"Great Uncle Ford!"

Ford checked his watch. He'd made it an entire four and a half minutes of being up in the main house this time before one of the children had called for his attention; they were getting slow.. Not to mention it was rare for Mabel to beat her brother to the punch. Sometimes Ford suspected Dipper of lying in wait in the gift shop, so he could ambush Ford as soon as he came up from the basement.

Really, Ford could save himself a lot of time if, instead of coming upstairs whenever he needed to eat, he were willing to dip into the supply of food that Stan had stocked in the basement in preparation for Armageddon – proof that Stan had paid at least some attention to all the warnings that Ford had left, he supposed. But having access to a real kitchen, with a refrigerator and a stove and an oven and all the other accessories seemed like too much of a luxury to him to pass it up. Besides, it was nice having people who were so excited to see him and to get to spend time with him. That wasn't something that Ford had gotten a whole lot of in his life.

"Hello Mabel," Ford said. He smiled at her as brought his plate of food and his soda over to the table and sat down. Ford was genuinely fond of his niece – she was bright, enthusiastic, and charming – even if he didn't understand her as well as he did Dipper. And he really wished she would stop making him finger puppets. "What can I do for you?"

"To the contrary, this is about what I can do for you," Mabel said, taking the seat next to him. Mabel had a certain flair and razzle dazzle about her, a natural sort of showmanship, almost, that always put Ford in mind of Stanley, especially the Mr. Mystery persona he'd developed to go with the hokey freak show thing he turned Ford's house into. Ford tried not to hold that against her. "Wha-bam!" she cried, slamming a book down on the table.

"Summer Memories?" he read off the cover.

"It's my scrapbook," Mabel explained "I know that Dipper wrote all about the stuff we've done this summer in your journal, but I thought you might want to see pictures of it too." Mabel opened the scrapbook and began flipping through, pointing out photos as she went. "Like here's when me and Dipper first got to Gravity Falls, and here's the fishing trip we went on with Grunkle Stan and Soos, and look here, this is the time me and Dipper solved the mystery of who killed Wax Stan and stopped the wax man uprising."
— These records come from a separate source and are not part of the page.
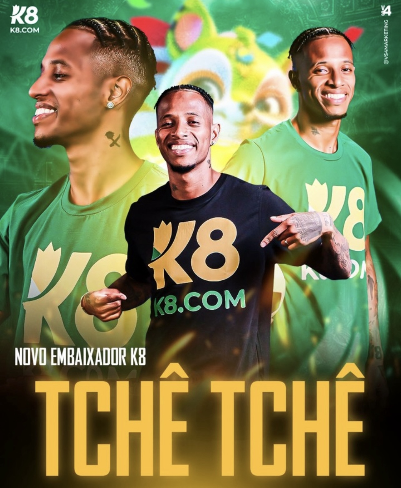 Aqui no Brasil, a K8 chegou recentemente, e é claro que teríamos um embaixador! Neste caso, temos cinco. Isso mesmo, CINCO EMBAIXADORES! Um deles é o Luiz Goulart (Luizão), ex jogador do Corinthians. Wanderlei Silva, que é um ex-lutador brasileiro de MMA aposentado, que competiu no extinto PRIDE Fighting Championships no Japão e no Ultimate Fighting Championship nos Estados Unidos, a influenciadora Wal Pimenta, Kleber Bambam, e por fim, Tchê Tchê, com sua habilidade excepcional em campo e paixão pelos jogos, TchêTchê personifica a conexão entre o mundo do futebol e dos games.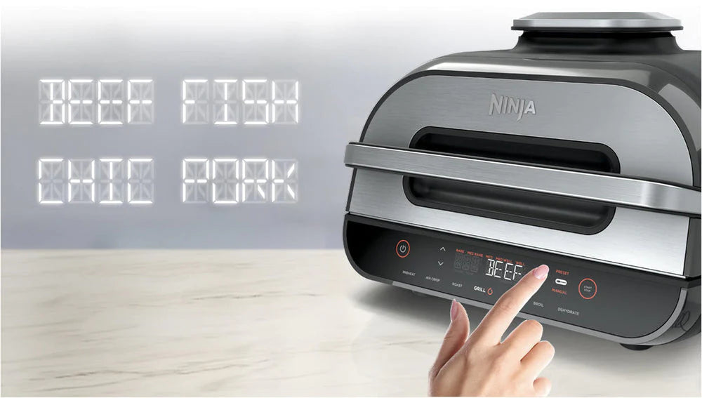 The Ninja Foodi Smart XL Grill that sears, sizzles, and air fry crisps. With the innovative Smart Cook System and XL capacity, acheive the perfect doneness from rare to well done on family‑sized meals at the touch of a button.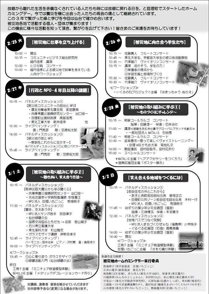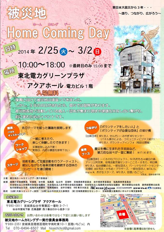 3月1日、仙台で開催される「被災者ホームカミングデー」に参加してきます。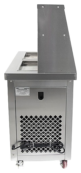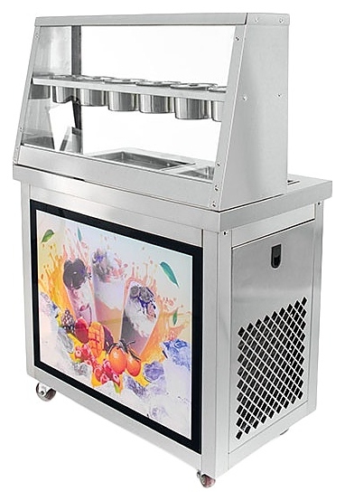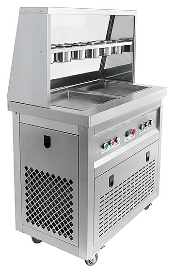 Напольный фризер для мороженого Foodatlas KCB-2F используется на предприятиях общественного питания и торговли для приготовления жареного мороженого в роллах. Модель оснащена компрессором, световым коробом, 2 квадратными сковородами для «жарки» десерта при минусовой температуре и последующего скручивания продукта в роллы, кнопочной панелью управления и кабелем питания с евровилкой. Корпус, сковороды и контейнеры выполнены из высококачественной нержавеющей стали, упаковка – фанерный ящик.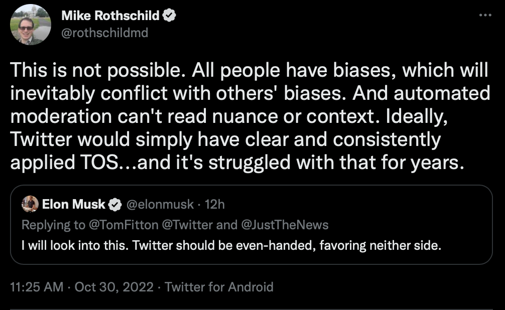 While I do expect Musk to maintain some semblance of tampering down on speech, all he would need to do is slap a label over a tweet so that others would need to click on that to see what was hidden, for him to say he is both allowing speech and protecting users from others speech. That can and should happen via automation for profanity and via issued reporting with internal verification for sensitive images such as those coming from war coverage or mass death events.

Ford recalled reading Dipper's account of the incident in his journal, but when Dipper had mentioned a wax figure of Stan that Mabel had made, Ford had pictured an amateurish effort. Not as a slight to Mabel, merely because she was still a child. Looking at the photo of the sculpture now, he couldn't help but be impressed. "You made that? All by yourself?"

"Yep! It was all full of my blood, sweat, tears, and other fluids," Mabel said.

"Well, you did a fantastic job on it," Ford said, trying not to think too hard about the rest of her comment. "It looks just like Stanley. Although, it is covered with more glitter than I'm used to seeing on him."

"That's my interpretation of his inner emotions," Mabel told him. "Plus it also makes him really sparkly.

"It was really sad when he got killed, though," Mabel continued, her mood turning somber as she gently traced the edges of one of the photos with her finger. "We even had a memorial service for him. Grunkle Stan bought a coffin, the cheapest one they had, I think, but he actually paid for it with real money. Then he ran out in the middle of giving the eulogy because he was crying too hard to keep going. We all thought he was just Grunkle Stan, being Grunkle Stan, but that was before we knew he had a long-lost twin brother." A long moment of silence stretched out between them, as Mabel looked morosely down at her scrapbook. Ford grew more and more uncomfortable as each second passed, uncertain of what he was supposed to say, what she wanted him to say.

Then, out of nowhere, Mabel snapped back to her usual cheerful self, so quick it practically gave him whiplash. "Whelp, I'm off to hang out with Candy and Grenda now," she said, flashing him a bright grin full of teeth and metalwork. "You can borrow the scrapbook for as long as you want, Grunkle Ford, just give it back when you're done. Okay, see you later, bye!" Mabel darted off, leaving Ford alone in the kitchen with the scrapbook still open. Almost accusatorially so, except Ford didn't think his niece was capable of that kind of malice.

He looked down at the open page in front of him, his hand reaching out unconsciously to touch the same picture that Mabel had been touching earlier. It featured Stanley grinning broadly, with one arm around his wax duplicate and the other hand pointing excitedly at his companion. They had at least a dozen pictures in their family photo albums, wherever those were, with Stan in the exact same pose, except it was Ford's shoulders that his arm had been slung around, while Ford regarded the camera with expressions with varying mixtures of exasperation and fondness. There was at least one, taken after Stan had won some trophy or other for boxing, where their positions were reversed, though rather than exasperated, Stan had been laughing his head off in that one, surprised and delighted by Ford's actions.

Ford slammed the scrapbook shut. He left it on the table as he took his food with him back down to the basement. He had work to do.